### Required action:
Excluding pictures, what does the listing below contain from the line with "Boulder Brook mag" up to and including the line with "Discover your vibrant", word for word?

### Data excerpts:
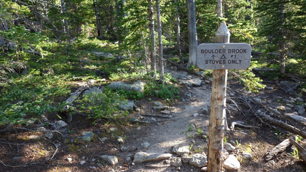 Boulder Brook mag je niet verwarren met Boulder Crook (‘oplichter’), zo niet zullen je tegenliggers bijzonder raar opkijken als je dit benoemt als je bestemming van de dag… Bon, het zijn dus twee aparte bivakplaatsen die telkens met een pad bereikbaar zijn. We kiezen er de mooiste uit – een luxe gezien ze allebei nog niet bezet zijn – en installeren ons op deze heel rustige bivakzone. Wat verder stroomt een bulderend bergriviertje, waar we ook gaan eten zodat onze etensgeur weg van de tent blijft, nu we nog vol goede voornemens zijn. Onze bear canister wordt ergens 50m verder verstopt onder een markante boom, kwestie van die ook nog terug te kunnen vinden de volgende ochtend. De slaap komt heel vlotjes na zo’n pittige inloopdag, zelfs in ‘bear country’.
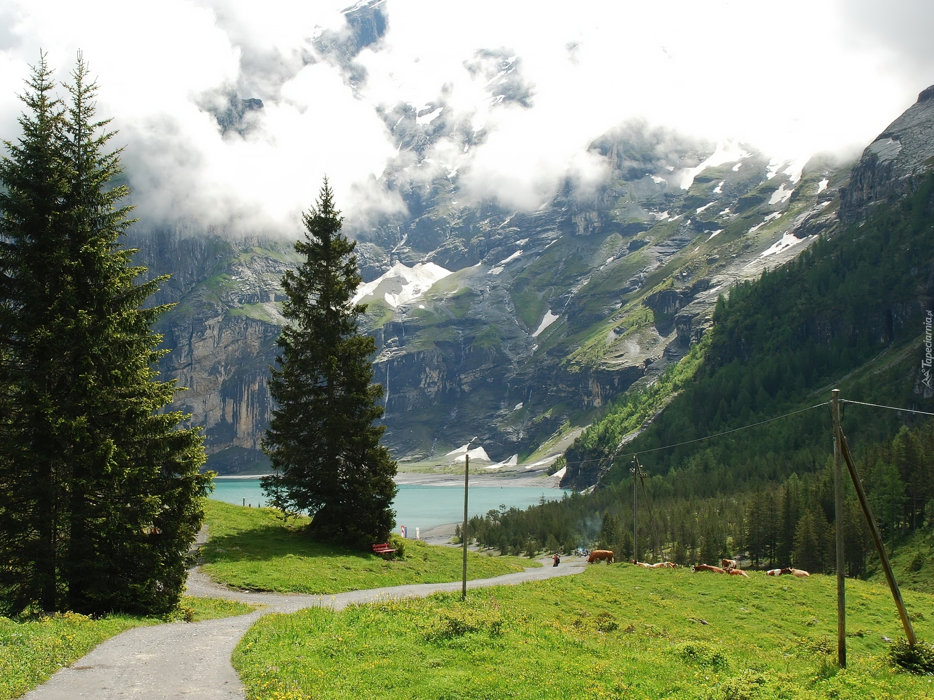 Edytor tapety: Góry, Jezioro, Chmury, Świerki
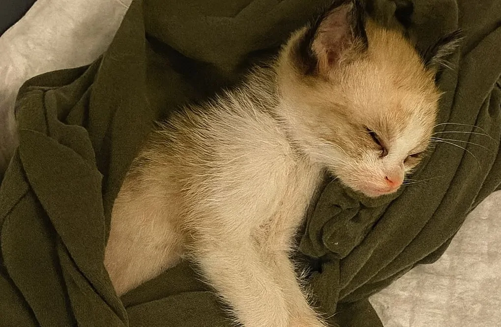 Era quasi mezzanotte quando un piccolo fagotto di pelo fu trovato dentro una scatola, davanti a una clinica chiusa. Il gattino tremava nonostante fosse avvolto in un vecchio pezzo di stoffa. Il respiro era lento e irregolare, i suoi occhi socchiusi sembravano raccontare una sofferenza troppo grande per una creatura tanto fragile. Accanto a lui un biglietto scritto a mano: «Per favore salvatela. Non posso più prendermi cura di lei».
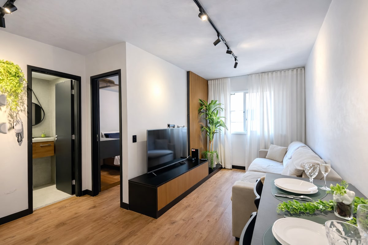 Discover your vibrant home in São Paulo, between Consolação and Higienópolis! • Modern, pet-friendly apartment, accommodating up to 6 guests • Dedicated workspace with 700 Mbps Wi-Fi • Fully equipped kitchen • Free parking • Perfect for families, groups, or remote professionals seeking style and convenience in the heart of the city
...
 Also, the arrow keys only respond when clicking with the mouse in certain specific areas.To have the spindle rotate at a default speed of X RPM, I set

### Answer space:
 Boulder Brook mag je niet verwarren met Boulder Crook (‘oplichter’), zo niet zullen je tegenliggers bijzonder raar opkijken als je dit benoemt als je bestemming van de dag… Bon, het zijn dus twee aparte bivakplaatsen die telkens met een pad bereikbaar zijn. We kiezen er de mooiste uit – een luxe gezien ze allebei nog niet bezet zijn – en installeren ons op deze heel rustige bivakzone. Wat verder stroomt een bulderend bergriviertje, waar we ook gaan eten zodat onze etensgeur weg van de tent blijft, nu we nog vol goede voornemens zijn. Onze bear canister wordt ergens 50m verder verstopt onder een markante boom, kwestie van die ook nog terug te kunnen vinden de volgende ochtend. De slaap komt heel vlotjes na zo’n pittige inloopdag, zelfs in ‘bear country’.
 Edytor tapety: Góry, Jezioro, Chmury, Świerki
 Era quasi mezzanotte quando un piccolo fagotto di pelo fu trovato dentro una scatola, davanti a una clinica chiusa. Il gattino tremava nonostante fosse avvolto in un vecchio pezzo di stoffa. Il respiro era lento e irregolare, i suoi occhi socchiusi sembravano raccontare una sofferenza troppo grande per una creatura tanto fragile. Accanto a lui un biglietto scritto a mano: «Per favore salvatela. Non posso più prendermi cura di lei».
 Discover your vibrant home in São Paulo, between Consolação and Higienópolis! • Modern, pet-friendly apartment, accommodating up to 6 guests • Dedicated workspace with 700 Mbps Wi-Fi • Fully equipped kitchen • Free parking • Perfect for families, groups, or remote professionals seeking style and convenience in the heart of the city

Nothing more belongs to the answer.